Они двинулись пешком в сторону великокняжеского дворца. Софья держала Ивана под руку, легонько прижимаясь плечиком к его локтю, вся сияла от радости.
— Что Ахмат? — спросила, спохватясь.
— Одолеем! — как можно увереннее рассмеялся государь.
Глава четвёртаяПОСЛЕДНИЙ ГРУЗДЬ
Ни жив ни мёртв явился домой Никита Губоед. Сердце его трепыхалось, и что-то сыпалось из него, словно грибы из корзины. В глазах так и мелькали копыты коней великокняжьего поезда, за которым он долго бежал после несчастного разговора с государем Иваном Васильевичем, а потом горестно возвращался, подбирая выпрыгнувшие из корзины грузди и рыжики, алипаны и говорушки. Не пропадать же добру! Хоть и помялись-поломались, падая.
— Брошенки, ни то, собрал? — проворчала жена.
Никита ничего не ответил. Испил два ковша клюковного кваса. Отдышался.
— Никак, косматого костоправа встретил? Лица нет, — снова обратилась к мужу жена.
Никита тяжело вздохнул и наконец соизволил ответить:
— Каб его...
— А кого?
— Смертушку свою.
— Это ж каковскую? Ну не тяни ты, оторопь!
— Не знаешь, шурин дома? — вместо ответа вильнул Губоед.
— Где ж ему быть! — фыркнула жена. — Давеча из Нагатина с попойки на бровях приполз, а нонче мухры одолели.
— Надо бы его пойти похмелить, вот что, — оживился Никита. — Где там у нас что?
— Нетути ничего, всё выдули.
— Исполатушки! А то я не знаю! И ставленого, и смородинного, да и вишенного должно ещё много остаться. Давай-ка сюда!

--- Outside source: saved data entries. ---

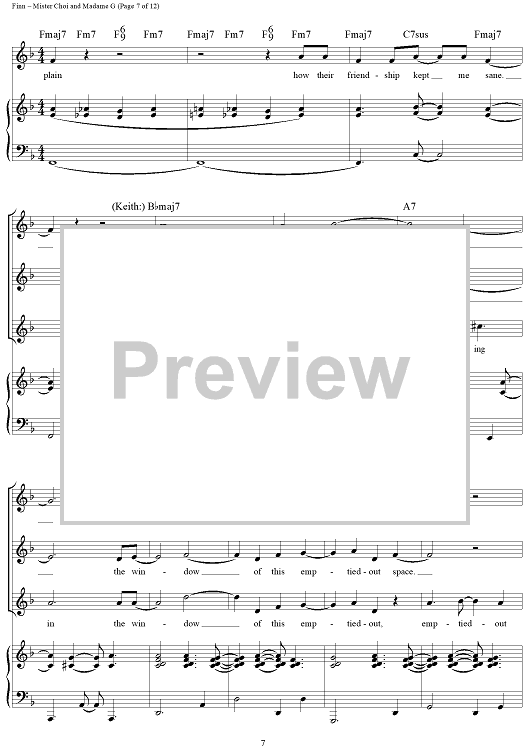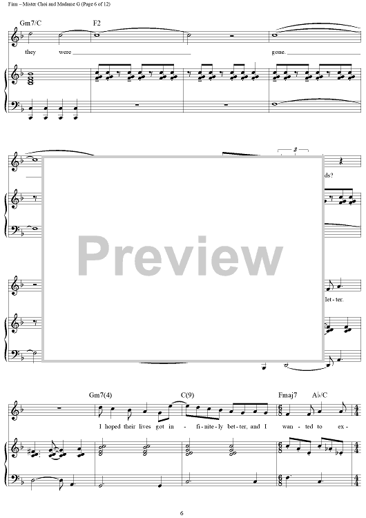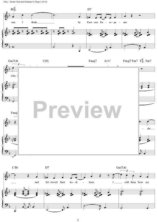 Digital Sheet Music for Mister Choi and Madame G by William Finn scored for Piano/Vocal/Chords; id:360033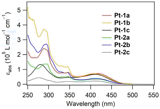 Figure 2 shows the UV-vis absorption spectra of Pt-1 and Pt-2 in de-aerated dichloromethane (10 μM) at rt, and the spectral data are summarized in Table 1. The assignment of transition bands was carried out basically according to the previous report for Pt-1c [40]. The absorption bands ranging in the near UV region at less than ca. 350 nm are ascribed to π–π* and weak charge transfer transition bands on the dppz and carbazole-appended phenylacetylide ligands. A broad absorption band with a molar absorption coefficient (εabs) of ca. 72,000 L mol−1 cm−1 was observed around 410 nm for each of Pt-1a and Pt-1b, which is assigned mainly to the intraligand charge transfer (ILCT) transition from the fluorenyl side-arms to the dppz core. For each of Pt-2a and Pt-2b, a similar absorption band with εabs of ca. 35,000–38,000 L mol−1 cm−1 was observed in the same region, assigned to the ILCT transition from the thienyl side-arms to the dppz core. Previously, we clarified that phosphorescence emission from Pt-1c is ascribed to the radiative process from the lowest triplet level (T1) to the ground-state singlet level (S0) consisting of metal-to-ligand charge-transfer (MLCT; dπ(Pt)-to-π*(dppz)) and ligand-to-ligand charge transfer (LLCT; π(phenylacetylide)-to-π*(dppz)) transitions [40]. Although the S0–T1 forbidden transition bands were not clearly observed, phosphorescent emission from the present platinum(II) complexes should be based on the MLCT and LLCT transitions. This assignment is supported by natural transition orbital (NTO) analyses based on time-dependent density-functional theory (TD-DFT) calculations for Pt-1a,c and Pt-2a,c (see Supplementary Materials).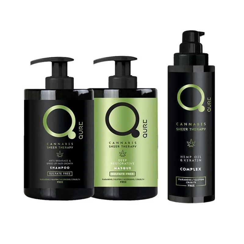 Qure Cannabis Sheer Therapy HAIR Set – Σαμπουάν 300ml, Μάσκα 300ml & Ορός Μαλλίων 100ml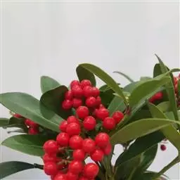 常绿灌木或小乔木。叶椭圆形,两端尖。果扁圆形,朱红色;味甜,可食。产自中国东南部,广东地区大量盆栽。
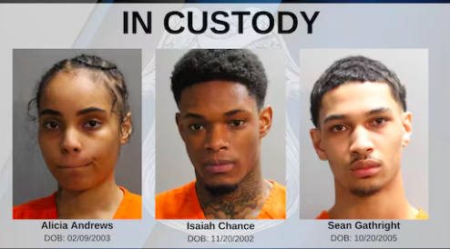 While there’s a total of five suspects in the murder case, authorities reportedly located and arrested Sean Gathright, 18, Alicia Andrews, 21, and Isaiah Chance Jr., 21, over the weekend in Jacksonville. There are warrants out for two other suspects in the case.

Через некоторое время Губоед вышел из своего дома, неся под сермягой азяма две братины[125] ставленого мёда в глиняном кувшине, заткнутом тряпицею. Журавлиный клин прокурлыкал над его головой, и Никита зачем-то перекрестился на журавлей — так, на всякий случай, авось и они помогут. Сознание его лихорадило, и когда он вошёл в шуринов двор, ему показалось, что куры там уж как-то слишком оголтело роют землю, будто им лапы солью натёрли и чешется. Шурин Агафон был дома, в зеленоватом состоянии, под глазами — белые надбрылья.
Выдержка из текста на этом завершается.